Lip augmentation has been done by a seemingly endless numbers of materials and implants. Each one differs in its length of duration and potential side effects. Injectable fillers are by far and way the most popular method but they have only a limited duration of effect.
Permanent lip fillers can be done by implants or autogenous grafts. While successful lip augmentation can be done with synthetic materials, the softness and flexibility of the lips favors a natural soft tissue material. Fat is the most logical candidate and its injection into the lips has been done now for decades. Despite its natural composition fat injections have relatively poor persistence in the lip, perhaps because it does not naturally exist there is any significant amount.

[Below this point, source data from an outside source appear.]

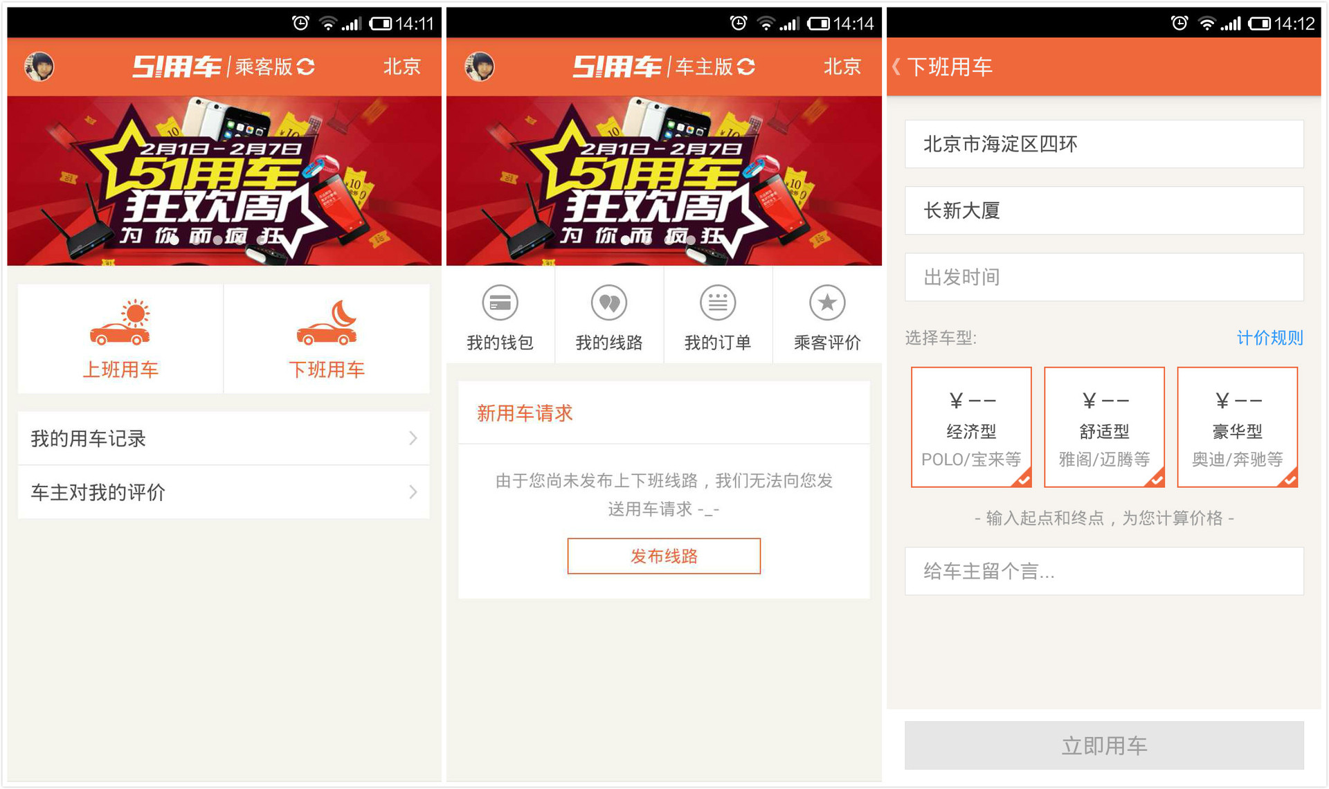 而一对一的“51用车”,则更为标准化,只需要匹配点对点的车主和用户即可。它的模式和我们之前报道的天天用车类似,一位车主只能搭载一位乘客(为了更标准也为了便于二人搭建社交氛围)当乘客叫车时,他输入起点地理位置以及终点的地理位置之后,系统会自动计算出这段距离需要的价格(51用车提供三种车型,经济型、舒适性、豪华型的车价格不等,但基本低于的士价格,尤其在远距离运输时),让用户在叫车时即预先将费用结清,这种平台制定乘车价格的策略也是一种提高效率的手段。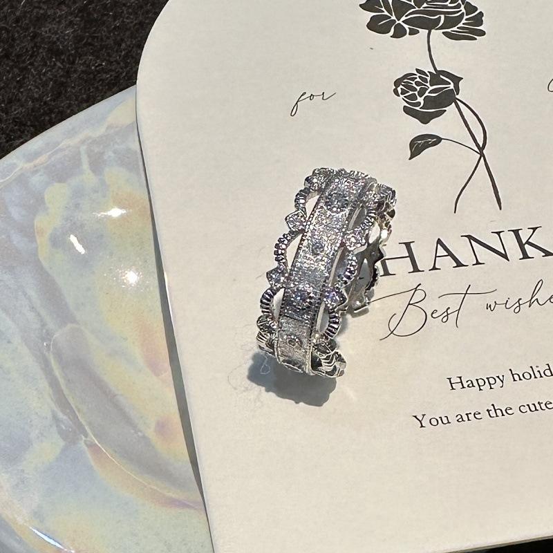 แหวนเงินแท้ S925 ดีไซน์ลายลูกไม้สไตล์วัง แหวนเปิดแบบเรียบง่าย วินเทจ แหวนดีไซน์เฉพาะ ลายเรขาคณิต โดดเด่นด้วยความเป็นธรรมชาติ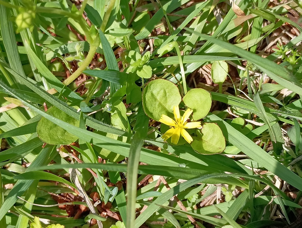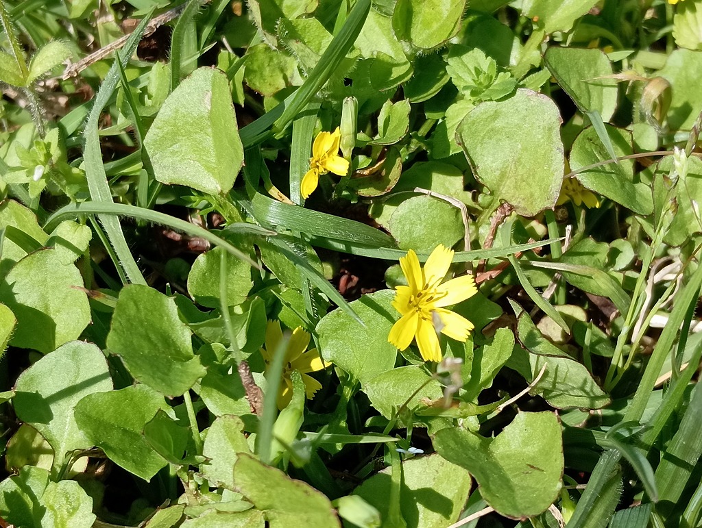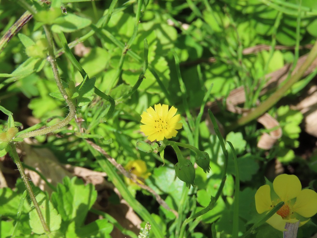 コオニタビラコです。春の七草のひとつです。オニタビラコとは違い、茎は立ち上がりません。その点はヤブタビラコと似ています。花を比べてみると、コオニタビラコの花びらの枚数は、ヤブタビラコの花びらの枚数より少ないです。その点でヤブタビラコとは区別できると思います。コオニタビラコは今少なくなっているようです。江津湖でもそれほど多くは観察できない植物です。
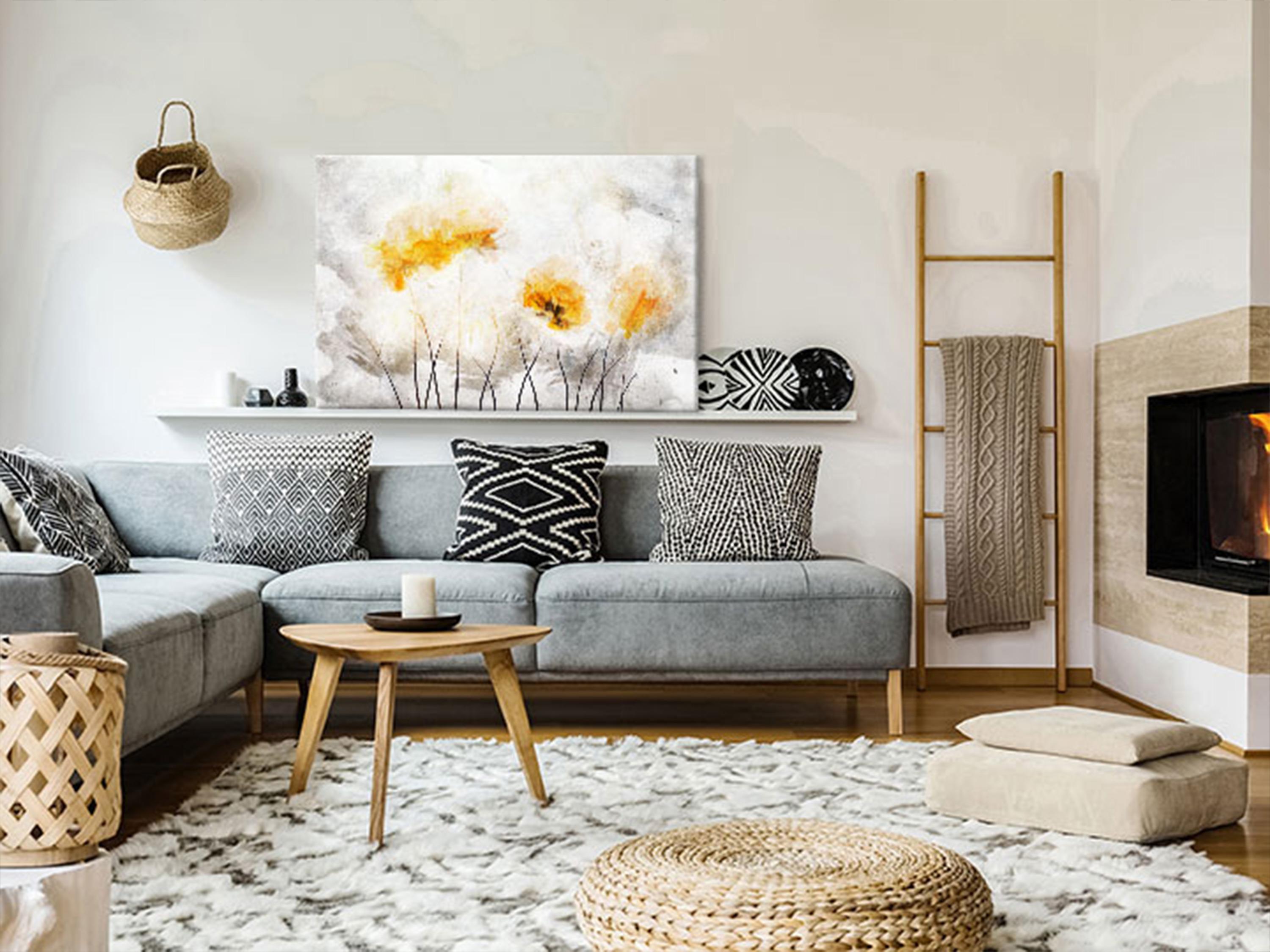 Skærmvæg - Golden Field of Poppies - 135 x 172 cm - Dobbeltsiddet

In the Online First issue of the September 2016 JAMA Facial Plastic Surgery Journal, an article entitled ‘Long-term Analysis of Lip Augmentation with Superficial Musculoaponeurotic System (SMAS) Tissue Transfer Following Biplanar Extended SMAS Rhytidectomy’. In a retrospective single-blind study, 423 patients (almost all female) underwent a SMAS lip augmentation using SMAS grafts harvested during the facelift over a six year period. Photographic assessment of the results was done at 3 months, one and five years after surgery. Sixty of the patients were evaluated at five years after surgery.
Both the superior lip and the inferior lip showed statistically significant increases in volume at all evaluated time periods. The greatest volume increase was observed in the upper lip at 3 months while the smallest volume increase was seen in the lower lip at 5 years. The degree of increase in median volume seemed to weaken slightly over time, but remained statistically significant even at 5 years. Two of the five year 60 patients developed complications requiring further surgery. (3%)
The use of SMAS grafts in the lips does require one having a facelift to harvest it. But many women undergoing a facelift have thin lips as part of the aging process so the ‘recycling’ of what would normally be discard is both logical and opportunistic. What differentiates SMAS from fat? It is that it contains more fibrous tissue and the fat that it does contain is less metabolically active. This make account for its longer persistence than other types of lip grafts that contain fat.